§ INSTRUCTIONS FOR THE TASK: Exactly the lines below from the line with "Organic Cotton Grey" through the line with "このテンプレートでは、「文字" must make up the answer, both ends included and pictures left out.

(Stored dataset items)
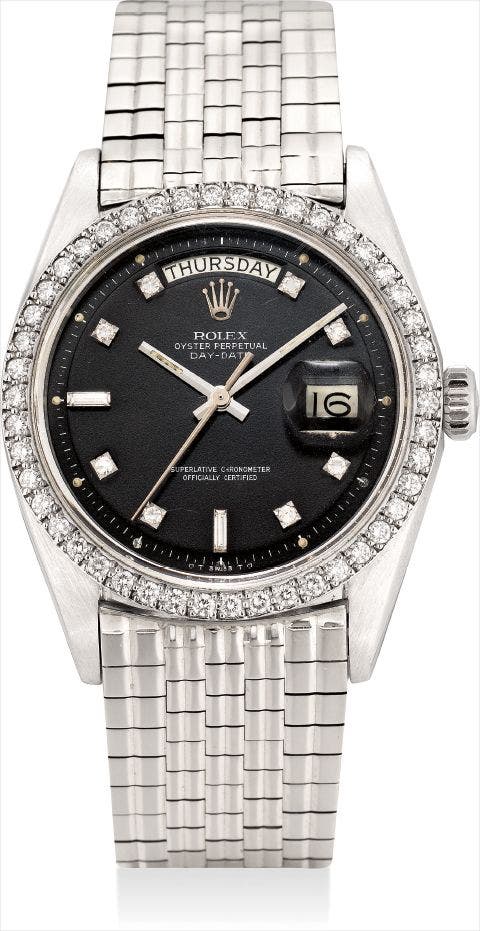 It is interesting to note that a very similar example with rare tile link bracelet was sold at Phillips this past Spring, for almost 150,000 US dollars.
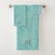 Pastel blue with gold accents, tropical palm leaves in a seamless pattern. Optional monogram.
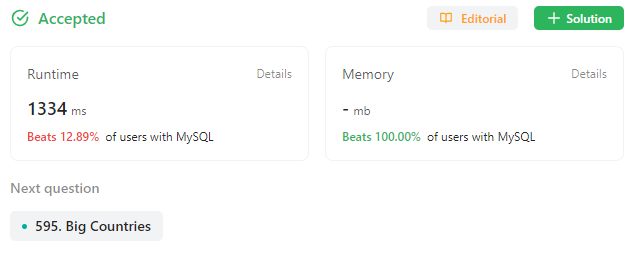 | [LeetCode] 595.Big Countries,1068. Product Sales Analysis 1 (0) | 2023.08.27 |
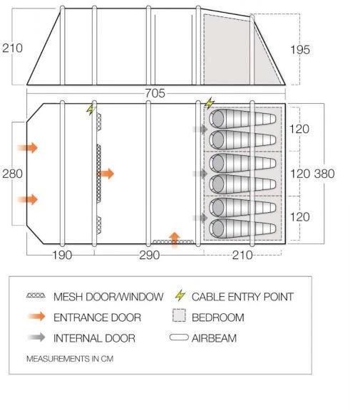 The Lismore Air 600XL, 6-man tent is an inflatable AirBeam tent with additional living space and integrated awning, providing a large and versatile home from home. The large Diamond Clear Windows let light pour into the living areas during the day and can be covered up with the roll-away toggled curtains at night. The fully sewn-in groundsheet keeps out draughts and bugs, whilst ventilation can be managed using the mesh doors and AirZone panels. At over 2m tall, it’s easy to stand-up and move around. The large front door can be unzipped to the midpoint, or fully across, giving a good variety of options to suit different conditions and uses. You can even sleep-in longer on summer mornings, thanks to the Nightfall bedroom inner tent, designed to minimise the morning light.
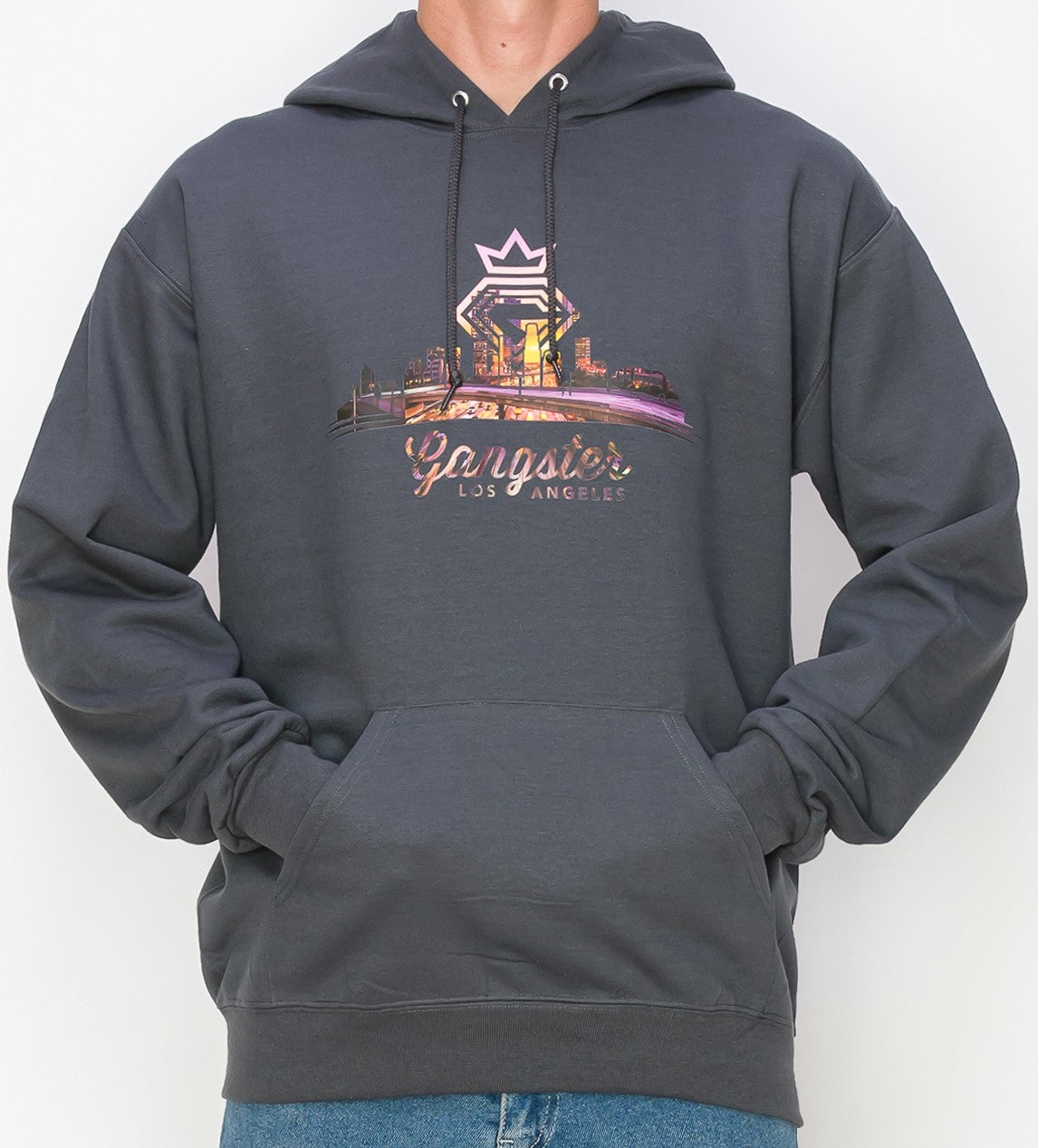 Organic Cotton Grey Pullover hoodie (Los Angeles Theme) Gangster Fashion, (Limited Edition
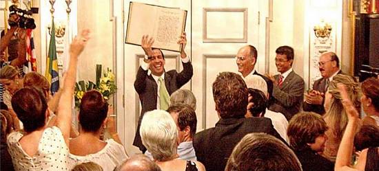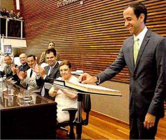 Hoje, nesta casa de leis, diante de vereadores, amigos, familiares e de todos os santistas presentes nessa cerimônia democrática e festiva, fica difícil sintetizar em poucas palavras a alegria desse ato.
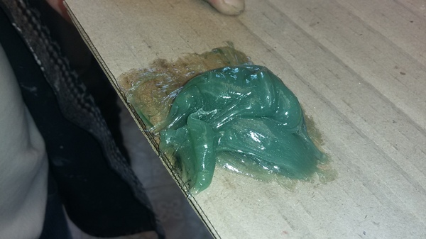 Медовый двухкомпонентный клей с зеленым и капелькой черного колерами. Кстати, колеры для каменного клея имеют бешеную пигментацию. Для колеровки количества клея, которое вы видите (ну сколько здесь, квадрат размером 7*7 см) потребовалось колера буквально 2 крупинки. Представьте себе крупинку мелкой столовой соли (именно мелкой!!!). Вот столько колера достаточно, чтобы получить насыщенный зеленый цвет.
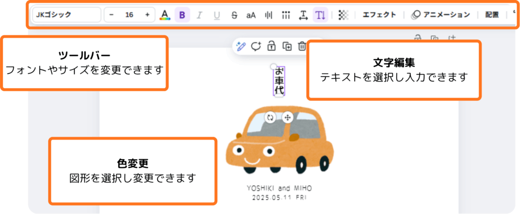 このテンプレートでは、「文字」と「図形の色変更」が可能です(Canva無料プラン対応)
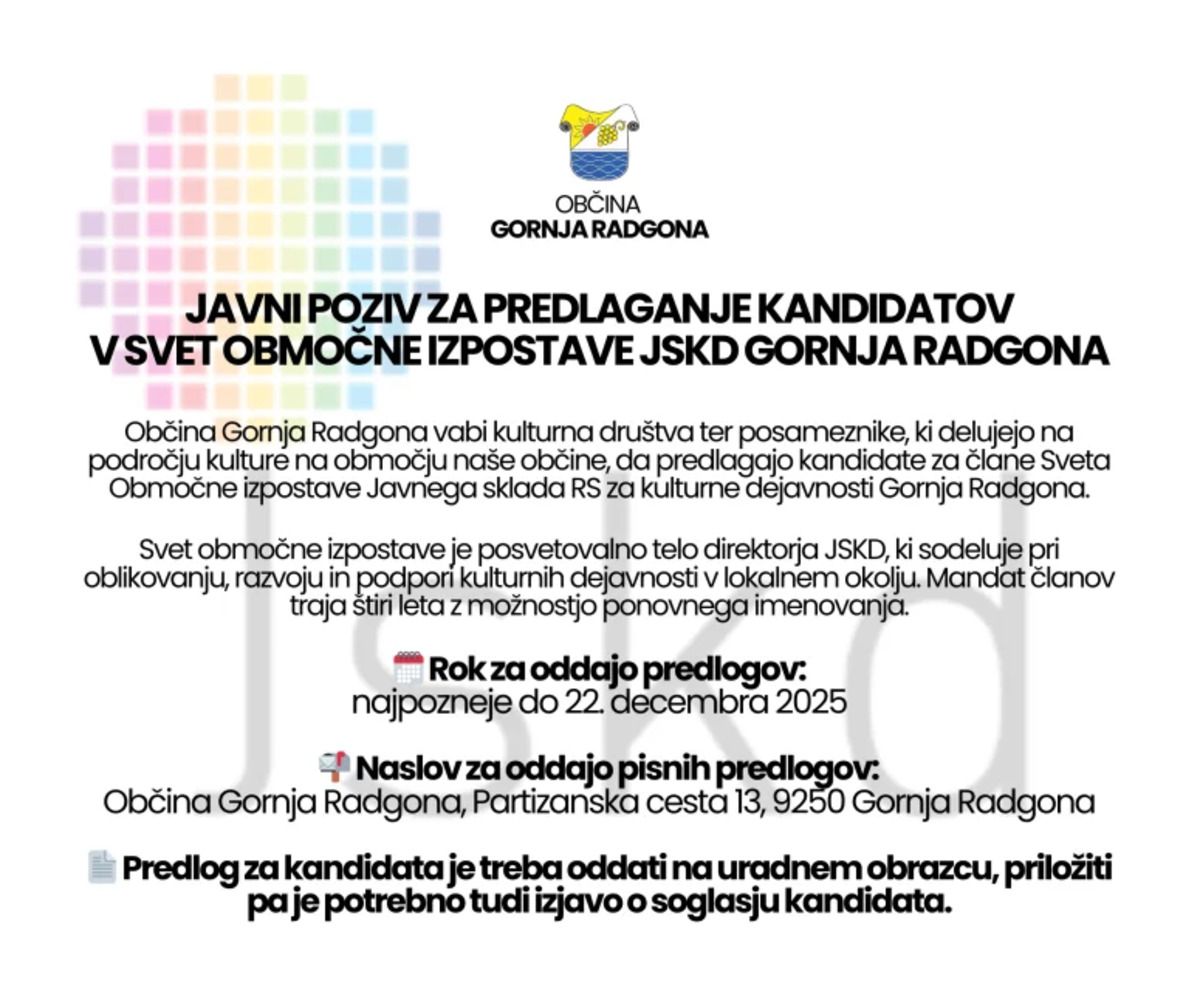 Na podlagi 27. člena Akta o ustanovitvi Javnega sklada Republike Slovenije za kulturne dejavnosti (Uradni list RS, št. 72/2010) in poziva direktorice Javnega sklada RS za kulturne dejavnosti, št. 0131-22/2025-1 z dne 17. 11. 2025, Občina Gornja Radgona poziva kulturna društva ter posameznike s področja kulturnih dejavnosti, ki delujejo na območju občine Gornja Radgona, da podajo predloge kandidatov za člane v Svet Območne izpostave Javnega sklada za kulturne dejavnosti Gornja Radgona. Svet območne izpostave je posvetovalno telo direktorja sklada; imenuje ga direktor sklada na predlog samoupravnih lokalnih skupnosti z območja, ki ga pokriva; mandat članov traja štiri leta z možnostjo ponovnega imenovanja.
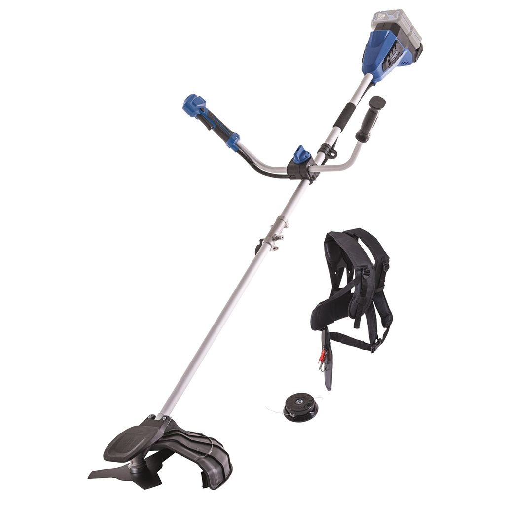 Pohon zajišťují dvě 20V baterie (celkem 40 V), které poskytují dostatek výkonu i pro práci v náročnějším terénu. Při použití strunové hlavy má křovinořez pracovní šířku 380 mm, zatímco při použití nože činí pracovní šířka 255 mm. Prémiový trojzubý nůž je navržen tak, aby zvládl i hustý podrost a drobné nálety. Strunová hlava je vybavena funkcí Tap’n’Go, která umožňuje snadné a rychlé prodloužení struny o průměru 1,6 mm.
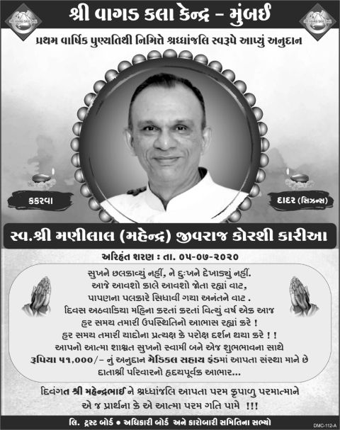 *પ્રથમ વાર્ષીક પુણ્યતિથિ* નિમિત્તે શ્રધ્ધાંજલિ સ્વરૂપે આપ્યું અનુદાન.
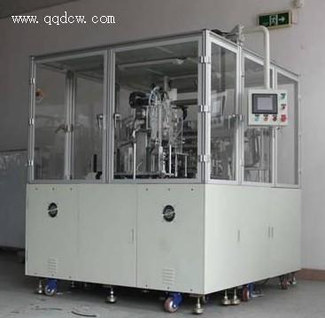 此设备是使用机械臂左右运动时在两极限位拾取极片料中间位交替放料叠片同时在左右运动时完成隔膜的Z形叠挠,如此往复实现整个电芯的叠片组装;机械臂采用直线伺服运动模块实现高速平稳准确;隔膜放料采用气胀轴加转矩马达控制恒张力,且放料过程中有电脑纠偏机构控制放料的整齐一致;极片料仓采用凸轮分割器转换不同的极片料。
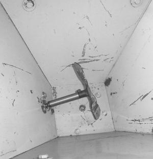 To make the impeller he heated up an 8-in. length of flat metal and twisted it, then welded it onto a shaft on the wiper motor. Then he drilled a hole through the hopper and bolted the wiper motor onto the hopper just above the propeller. The shaft is connected to a right angle gear reduction box which slows the impeller down to 400 rpm's. There's about 2 in. of clearance between the impeller and the bottom of the hopper.
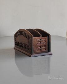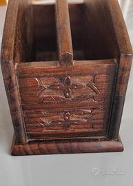 Manufatto in legno Indonesiano da scrivania, realizzato artigianalmente e decorato con intagli.
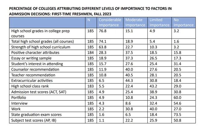 近期,随着新一年申请季的开始,美国顶尖大学及主流教育评论网站也陆续公布了新的录取政策变化及趋势,正如 《普林斯顿展望》(The Princeton Review)指出,“标准化成绩有助于招生官更准确地评估学生的学术潜力,而来自高学术标准学校的学生在这一体系下表现更具竞争力。” 而Niche 2025排名中也统计披露了Veritas毕业生的 SAT 平均成绩高达1400(满分1600),远超州内及全美平均水平,而美国头部学校在审核申请者时,优先考量的是学生学术水平,除标准化考试表现外,课程体系和学校声誉也非常重要。 依照美国权威升学指导联盟NACAC在2023年所做的调研当中, 185名资深升学指导及大学招生官所组成的样本均显示,超过76%的受访者认为大学预科类高中课程在申请评估中是最重要的。
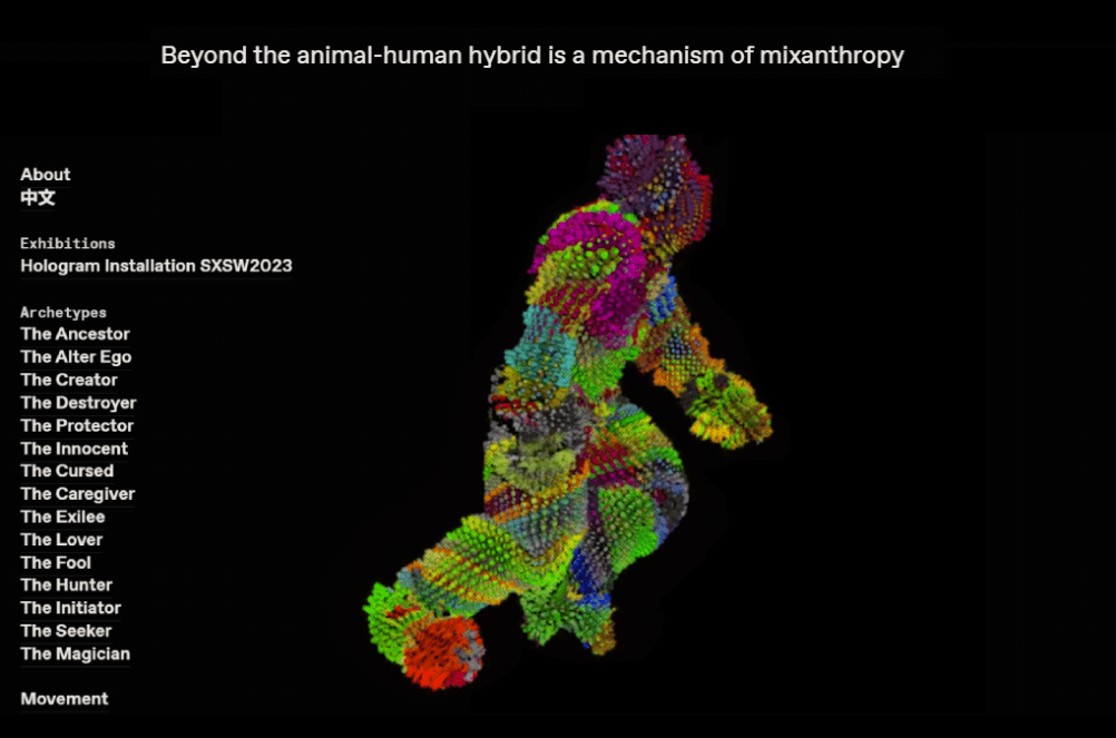 Mixanthropy is an imaginary shapeshifting journey about the body in transition, visual, and behavioral. The term, mixanthropy, encapsulates a deity’s potential to glide between versatile body forms. Explored through media art incorporating motion capture, retargeting, metamorphosis, and machine learning, it is a future bio-mythology with the idea of animal-human shapeshifting … Continue reading Yiou Wang and Meichun Cai – Mixanthropy
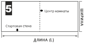 7.3.1 Выберите стену, от которой вы начнете монтаж. Разметьте центр комнаты.
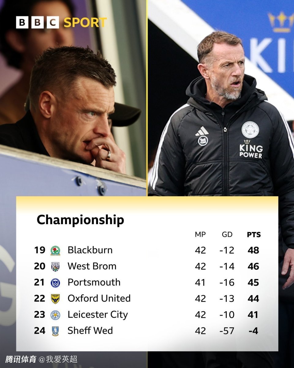 谁曾想到,本赛季莱斯特城不仅没能杀回英超,甚至还即将2年连降2级。此役输球后,莱斯特城随着牛津联和朴茨茅斯本轮双双取胜,莱斯特城的保级形势进一步恶化。
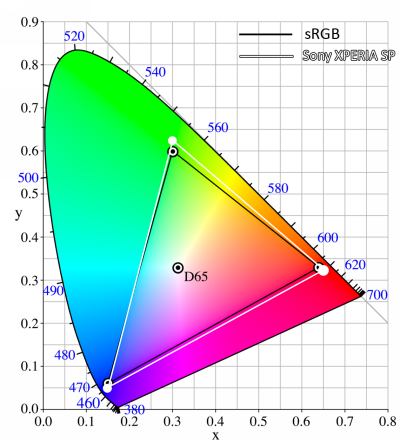 Sony Xperia SP — цветовой охват экрана (белый треугольник) в сравнении с цветовым пространством sRGB (черный треугольник)
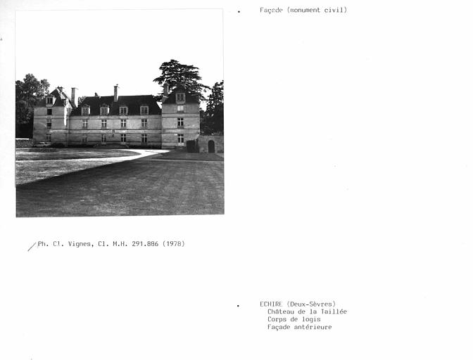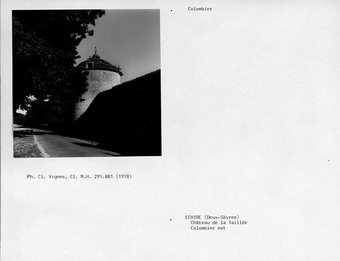Entre 1636 et 1642, la famille protestante des Du Fay de la Taillée fait construire le château et les communs qui ferment la cour au nord. Ces communs sont ponctués par deux tours-pigeonniers implantées symétriquement de part et d'autre du bâtiment d'entrée, lui-même gardé par une bretèche à deux tourelles en surplomb couvertes d'un dôme de pierre. Les pigeonniers ont conservé leur toit de pierres plates sur voûte, orné de lucarnes à fronton triangulaire et surmonté d'un lanternon. Leur rez-de-chaussée est aménagé pour la défense. La composition originelle d'ensemble est complètement préservée.

§ EXERCISE SOLUTION:
 Organic Cotton Grey Pullover hoodie (Los Angeles Theme) Gangster Fashion, (Limited Edition
 Hoje, nesta casa de leis, diante de vereadores, amigos, familiares e de todos os santistas presentes nessa cerimônia democrática e festiva, fica difícil sintetizar em poucas palavras a alegria desse ato.
 Медовый двухкомпонентный клей с зеленым и капелькой черного колерами. Кстати, колеры для каменного клея имеют бешеную пигментацию. Для колеровки количества клея, которое вы видите (ну сколько здесь, квадрат размером 7*7 см) потребовалось колера буквально 2 крупинки. Представьте себе крупинку мелкой столовой соли (именно мелкой!!!). Вот столько колера достаточно, чтобы получить насыщенный зеленый цвет.
 このテンプレートでは、「文字」と「図形の色変更」が可能です(Canva無料プラン対応)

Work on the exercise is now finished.